**Instructions for the task:** Every line of the listing below from the one with "대외 무역 따뜻하고 내한성" up to and including the one with "This is a 60-day" should be retyped exactly, and nothing else; pictures are not part of the copy.

**Excerpted data:**
--- --- ---
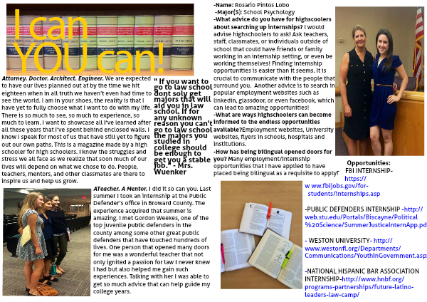 -What advice do you have for highscoolers about searching up internships? I would advise highschoolers to ask! Ask teachers, staff, classmates, or individuals outside of school that could have friends or family working in an internship setting, or even be working themselves! Finding internship opportunities is easier than it seems. It is crucial to communicate with the people that surround you. Another advice is to search in popular employment websites such as linkedin, glassdoor, or even facebook, which can lead to amazing opportunities!
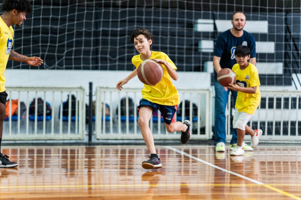 Além da presença no jogo da Seleção, as crianças também participaram de um festival de basquete promovido antes da partida, onde puderam se divertir, interagir e vivenciar atividades voltadas ao esporte. A programação incluiu jogos recreativos, dinâmicas de habilidades e momentos de convivência, reforçando o espírito de integração e a troca de experiências que o CBB Cuida busca incentivar.
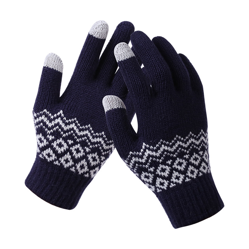대외 무역 따뜻하고 내한성 두꺼운 성인 자카드 장갑 제조 업체 여성 겨울 니트 터치 스크린 장갑 국경 도매스토어 가기
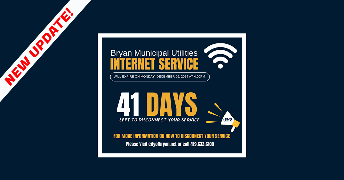 This is a 60-day reminder that Bryan Municipal Utilities internet service will expire on Monday, December 09, 2024, at 4:00 P.M. If you have not switched to another internet provider please do so ASAP. For more information on how to disconnect your service. Please visit www.cityofbryan.net or call 419.633.6100 .
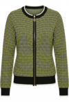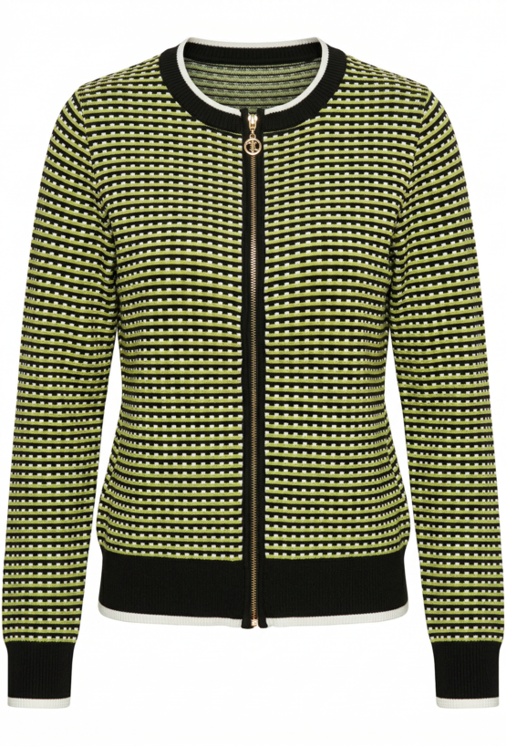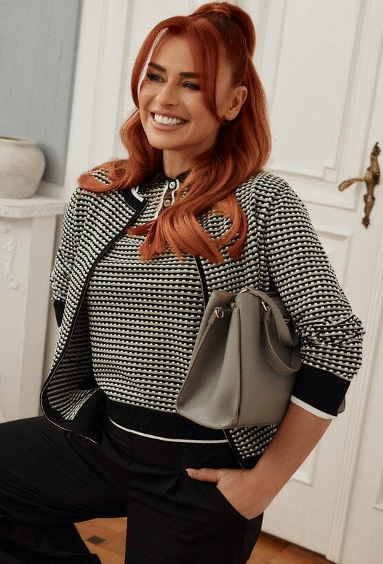 Sweter damski o klasycznym kroju z efektownym, geometrycznym wzorem. Sweter ma okrągły dekolt, długie rękawy oraz kontrastowe ściągacze przy mankietach i u dołu. Sweter zapinany jest na zamek, dzięki czemu świetnie sprawdzi się jako lekkie okrycie na co dzień. Modelka na zdjęciu ma 177 cm wzrostu i prezentuje rozmiar S.
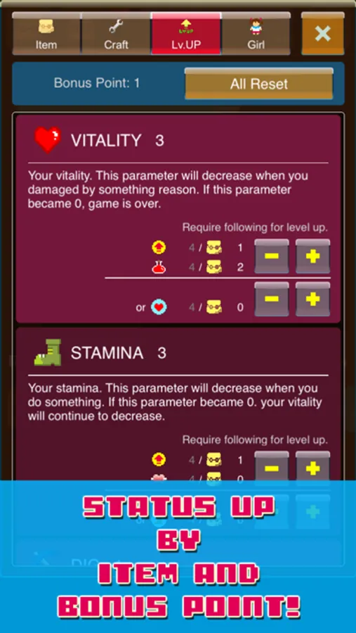 - Challenging monsters without leveling up is dangerous. I recommend to level up 'Attack' right away.
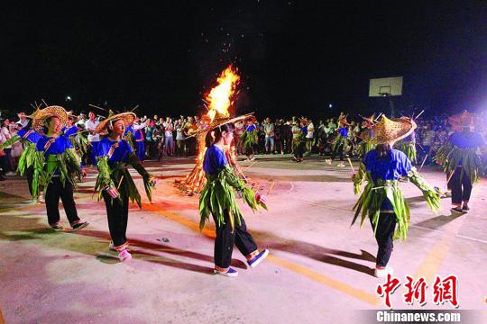 “舞火狗”又称瑶族少女成年礼,每年农历八月十五的夜晚,广东惠州市龙门县蓝田瑶族乡都会举办一场“舞火狗”成年礼活动。
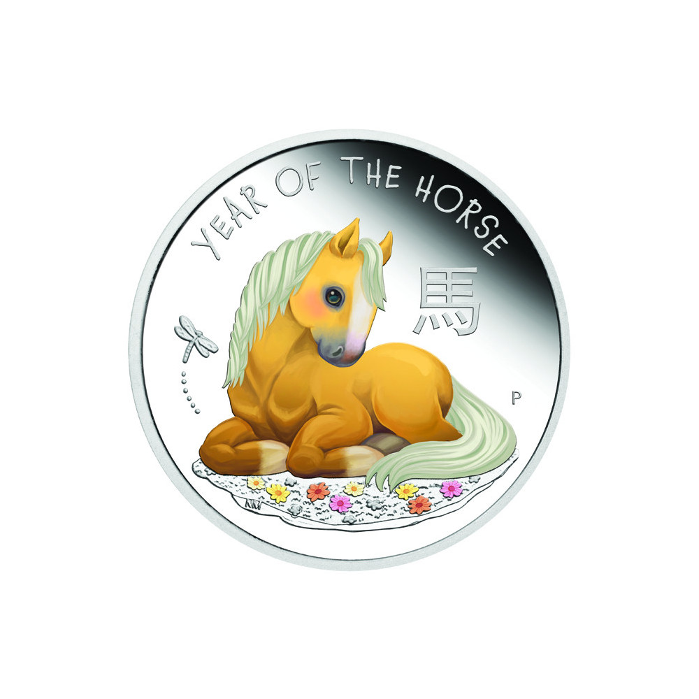 Baksiden av mynten har et fargerikt motiv av et lykkelig føll som hviler på gress dekorert med delikate blomster, med en øyenstikker som flyr over. Designet inkluderer også det kinesiske tegnet for "hest", inskripsjonen "YEAR OF THE HORSE" og Perth Mints "P"-myntmerke.
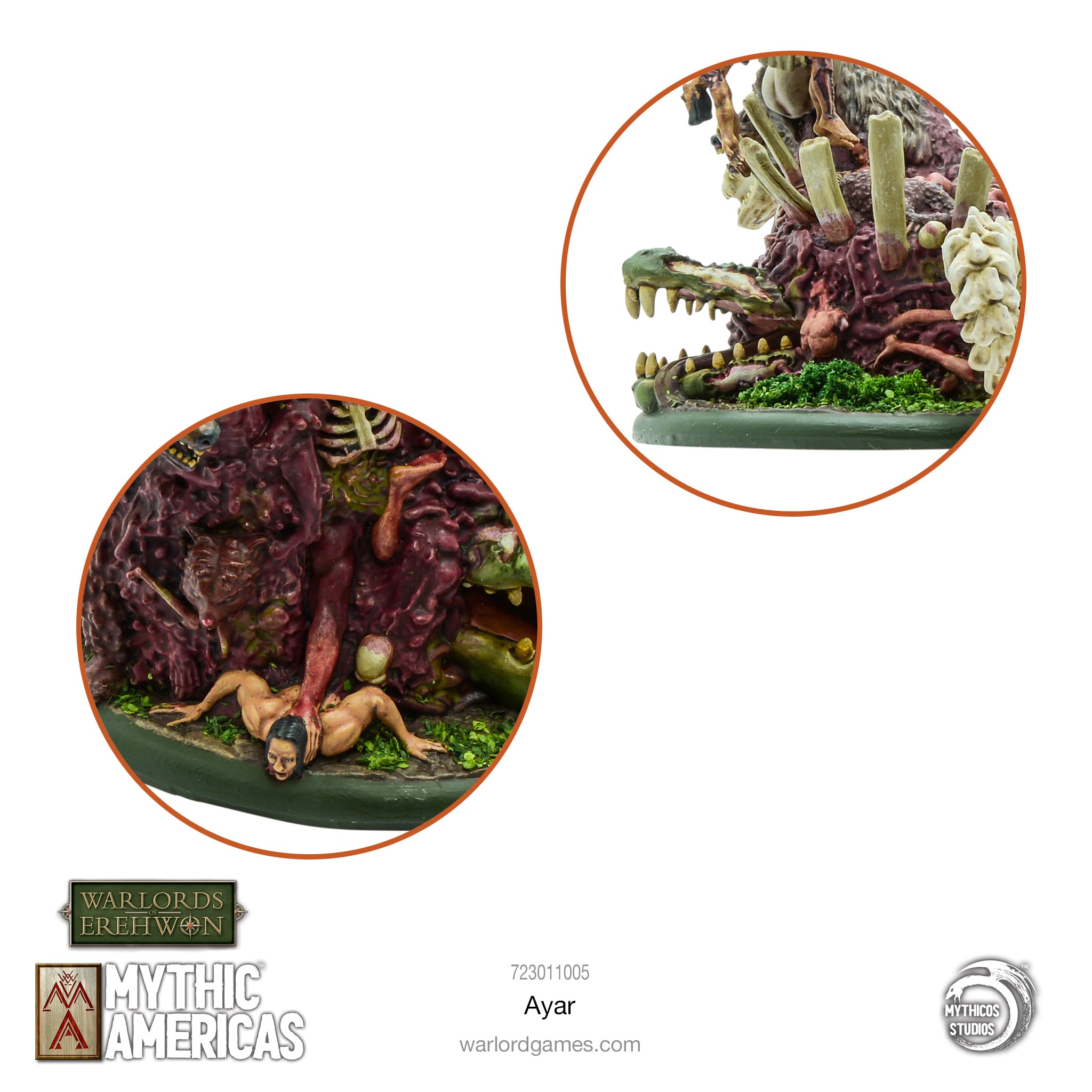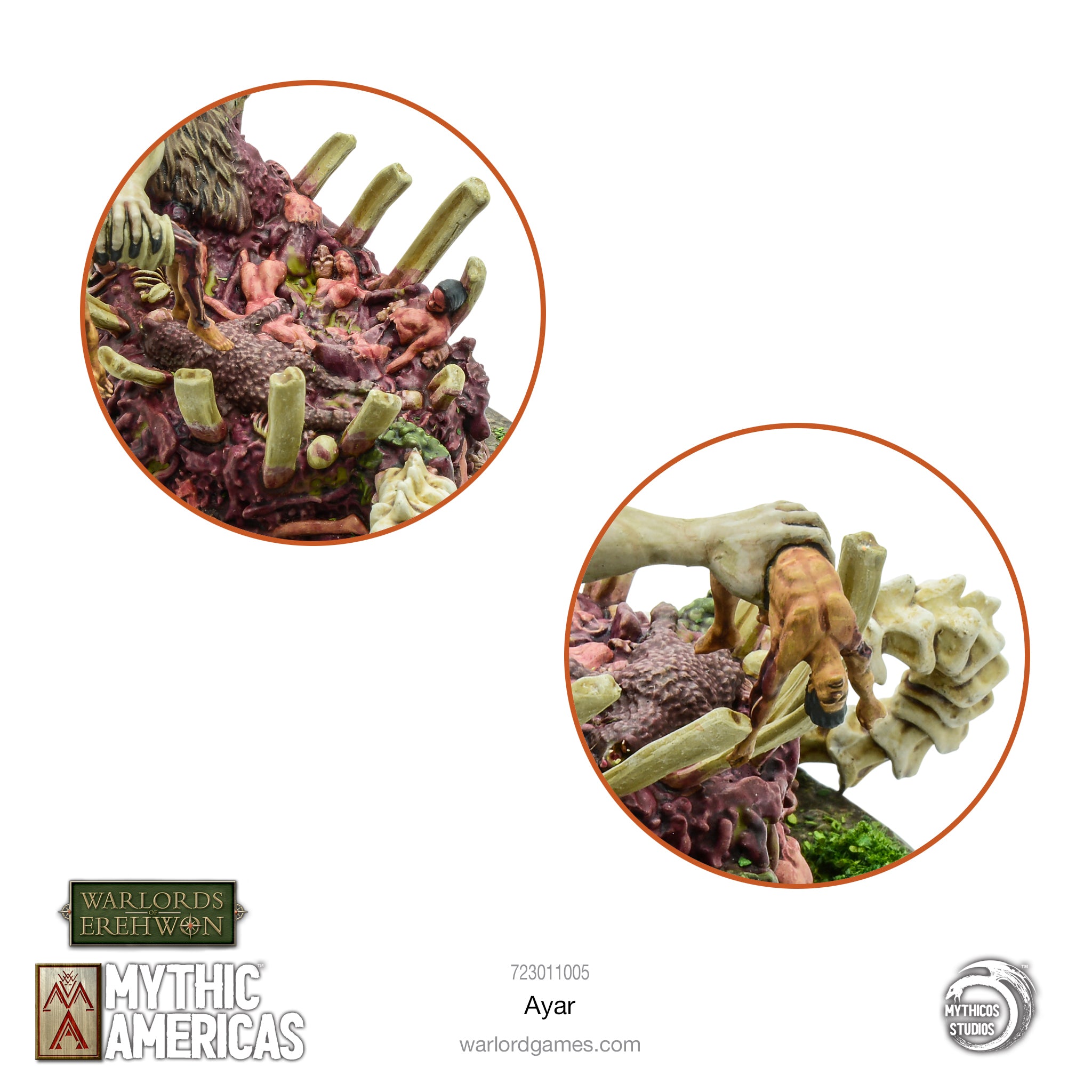 Ayar \ī-'är\– The Ayar is the ultimate tar-pit unit against standard warriors with an incredibly high resistance value. An undead monstrosity, the Ayar can threaten enemy units with its strong melee attacks and by hurling corpses as a ranged attack. The Stuck In rule makes it difficult for enemy units to escape combat with the Ayar.
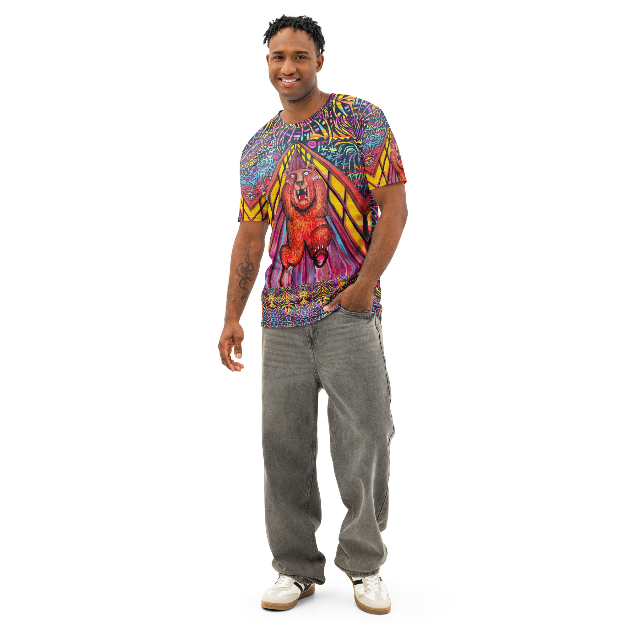 The Scared Bear Tee Shirt brings expressive colour and bold personality to a classic unisex fit. This multicolor illustration of fireworks and the Bear includes stylistic elements inspired by Edvard Munch’s The Scream, giving the design a dramatic and playful edge. Created by Tanya Tee Art_TLC (aka Tanya tee Coghill), the artwork adds a vibrant focal point to a soft, midweight cotton tee.
--- --- ---
**Response to this task:**
대외 무역 따뜻하고 내한성 두꺼운 성인 자카드 장갑 제조 업체 여성 겨울 니트 터치 스크린 장갑 국경 도매스토어 가기
 This is a 60-day reminder that Bryan Municipal Utilities internet service will expire on Monday, December 09, 2024, at 4:00 P.M. If you have not switched to another internet provider please do so ASAP. For more information on how to disconnect your service. Please visit www.cityofbryan.net or call 419.633.6100 .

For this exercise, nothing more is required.